Papers Session Annual Meeting 2024

Karl Barth -- On nationalism, politics, and Christian witness

Saturday, 9:30 AM - 11:00 AM | Hilton Bayfront-Sapphire 410A (Fourth… Session ID: P23-110
Abstract for Online Program Book (maximum 150 words)

Karl Barth -- On Nationalism, Politics, and Christian Witness

Papers

What is God’s providential relationship to the nations and nationalism? This paper seeks to constructively connect how Barth’s theology reckoned with nationalism and nations with his doctrine of divine providence and das Nichtige. This paper contends that Barth’s positive and negative distinctions between nationhood and nationalism parallel the distinctions he makes between providence and Nothingness. This paper briefly describes Barth’s positive account of nations as part of God’s providential overruling of the world-occurrence and related to God’s right-hand and positive willing.
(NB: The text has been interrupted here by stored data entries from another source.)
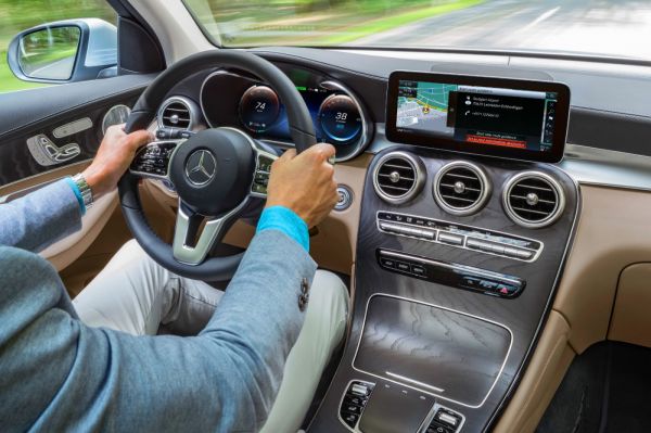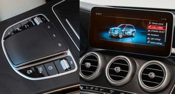 A GLC F-Cell esetén az eddigi 8,4 colos helyett már 10,25 colos, szuperszélesvásznú képernyőt biggyesztettek a középkonzol elé, és új a Comand központi kezelőszerv is. Ez kapott egy érintésérzékeny felületet, aminek segítségével ujjal írva is lehet utasítani a számítógépet, és egy- illetve kétujjas mozdulatokat is felismer. Lecserélték a kormánykereket is, amelynek küllőin az S-osztályban is alkalmazott érintőgombokat látjuk. Szintén fontos változás a benzin- és dízelmotorral szerelt GLC-hez képest, hogy analóg órák helyett egy 12,3 colos képátlójú monitor tájékoztat a kormány mögött – ez minden bizonnyal az extralistán szerepel majd.
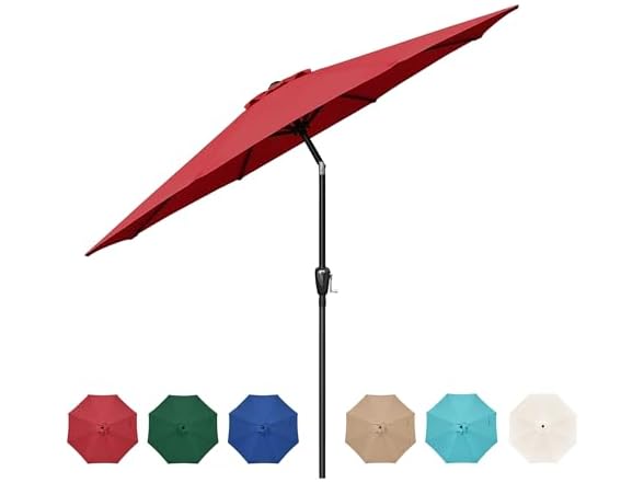 - (1) HealSmart 9' Outdoor Patio Umbrella, Market Table Umbrella with 8 Sturdy Ribs, Push Button Tilt and Crank for Garden, Yard, Pool, Red
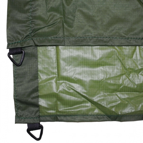 Velmi hustý Ripstop polyamid natíraný speciálním japonským PU a silikonem (stejná pevnost v dalším trhání jako u standardních materiálů, ale nižší pevnost v tahu.
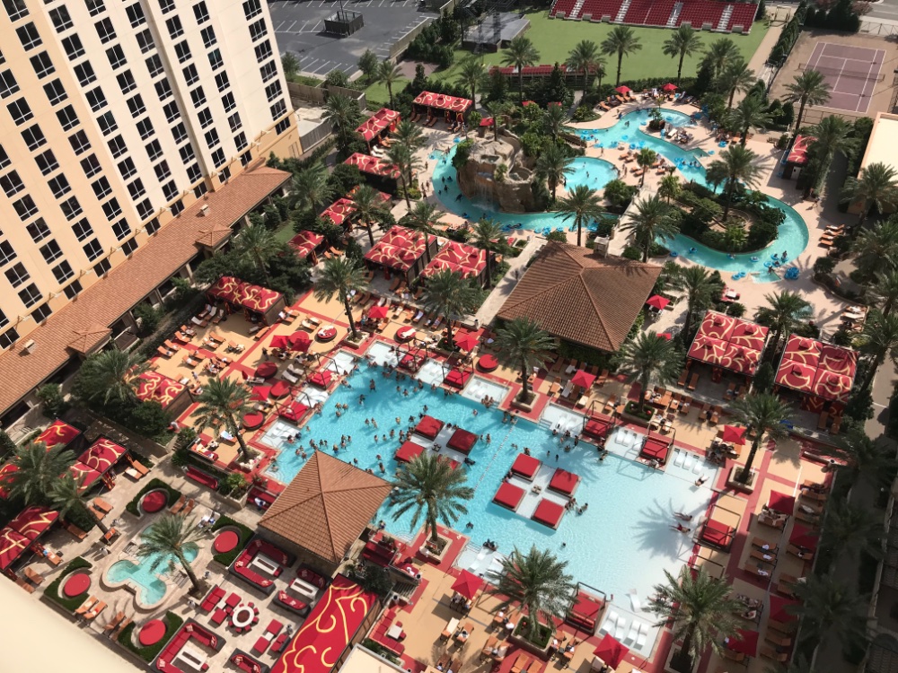 Boy, do I know that feeling. Like you we love the upper floors. Generally quieter. We are also fairly lucky enough to get the nice corner suites. Our preferred tower has balconies on every room so we open the doors and bring in fresh air several times a day. This pic is from the 21st balcony just below the presidential suites just a few minutes after the pools opened up.
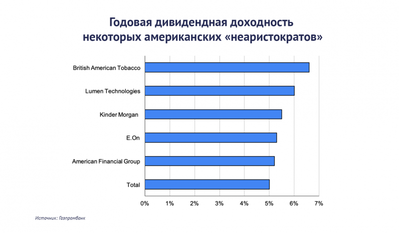 Илья Фролов составил свой топ американских «неаристократов» с высокой доходностью дивидендов — от 5% до 6,6%. В нем фигурируют Lumen Technologies, Kinder Morgan, E.On, American Financial Group и Total.

Further, this paper argues that when nations fail to remain open and peaceable toward their neighbors—by seeking to become a totality—nationhood has morphed to nationalism. Barth’s vehement opposition to nationalism, its destruction, and “national gods” means nationalism can be best understood as a virulent manifestation of Nothingness that exists only under left-hand of God’s rejecting will as that which is overcome in Christ’s death and resurrection.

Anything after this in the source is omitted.